For Weeks or Months After the Loss
Gentle Shepherd, it has been weeks and the world expects me to be further along than I am. Grief does not follow the schedule others have drawn for it. Some mornings I wake and forget for one merciful second, and then I remember, and it is like losing my baby all over again. Remind me that there is no wrong pace for this. You do not put a deadline on mourning. You sat with Job in the ashes for seven days without saying a single word, and that silence was holy. Sit with me in the long middle of this. You do not have to fix it. Just stay. Amen.
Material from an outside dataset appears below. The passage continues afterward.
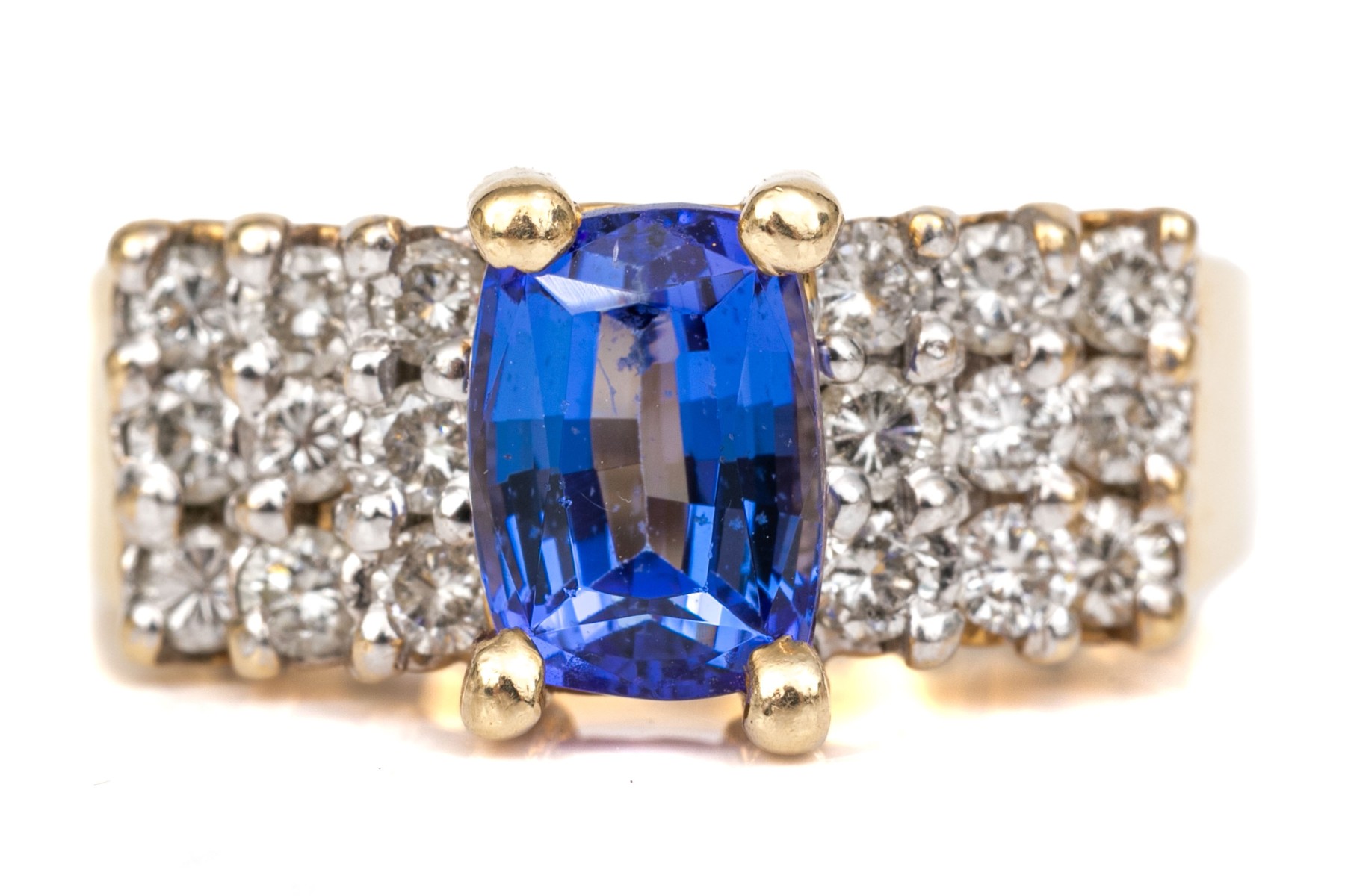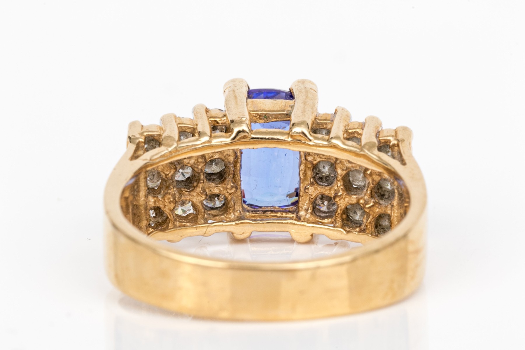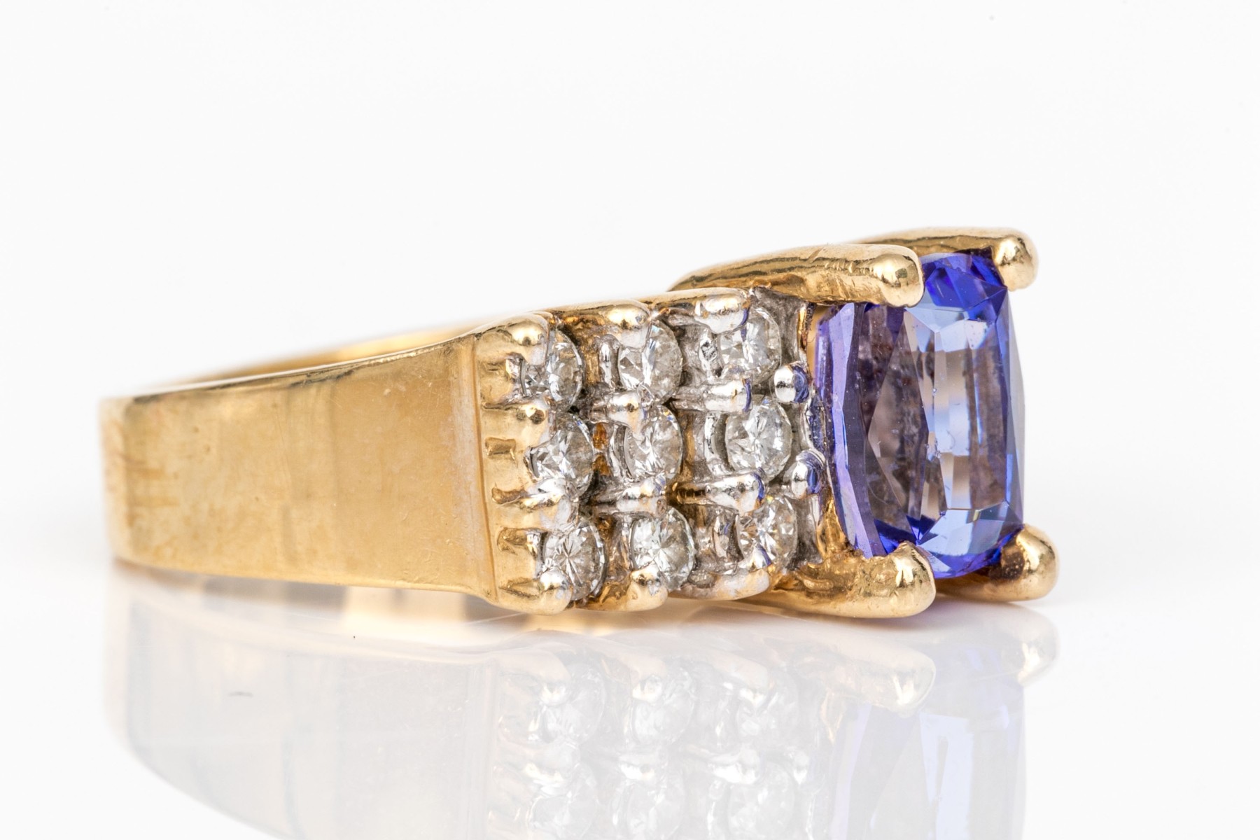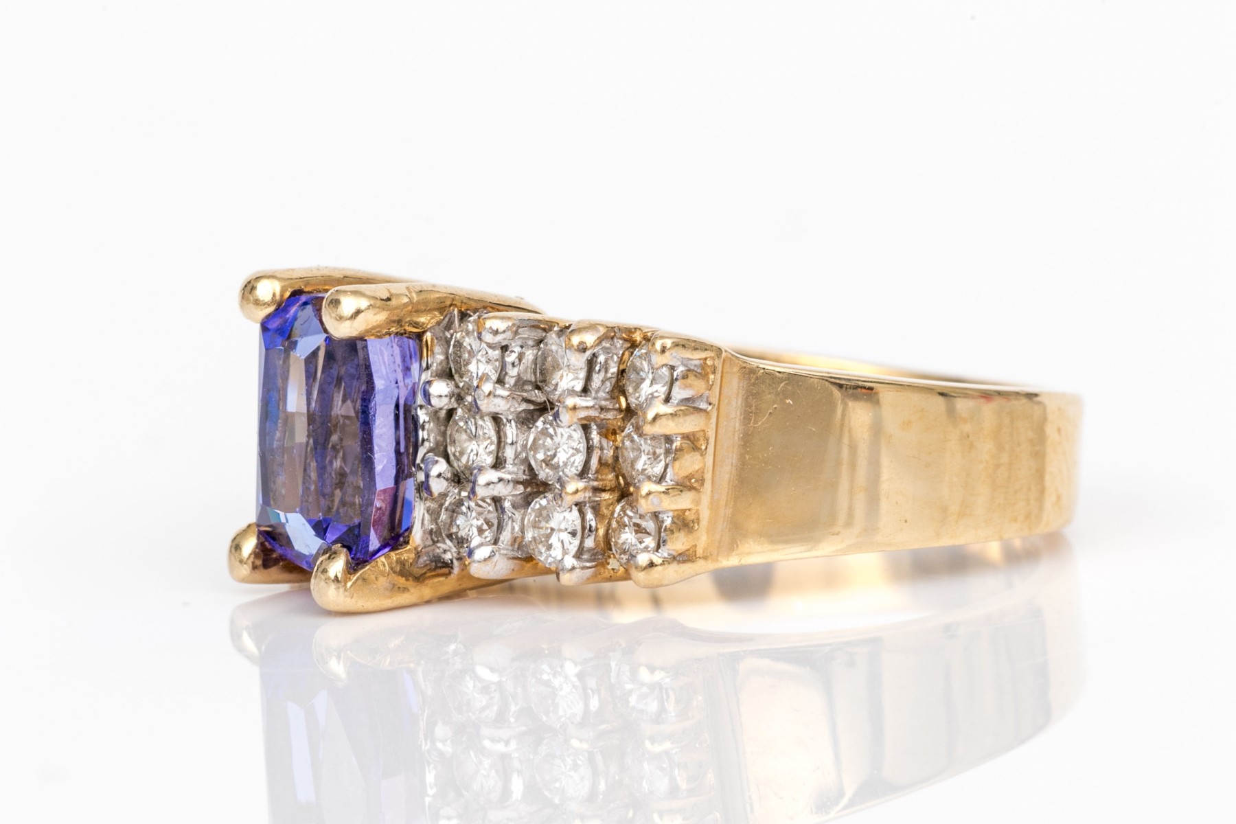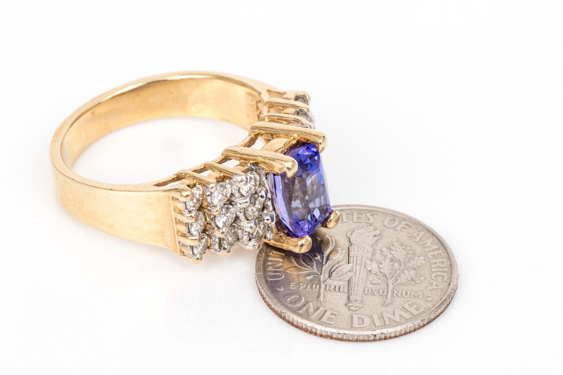 Levian 14k yellow gold tanzanite and diamond cluster ring, app. 0.54 TCW in diamonds, size 7.75

For Parents Grieving Together
Lord who made us one, we are grieving the same loss but we are not always grieving it the same way at the same time. Some nights one of us needs to cry and the other needs to go quiet, and we don't always know how to reach each other across that distance. Bind us together in this instead of letting it pull us apart. Remind us that we are the only two people in the world who loved this particular child the way we did. Let that be the thread that holds. Give us patience for each other's grief and grace for our own. Carry what we cannot carry alone. Amen.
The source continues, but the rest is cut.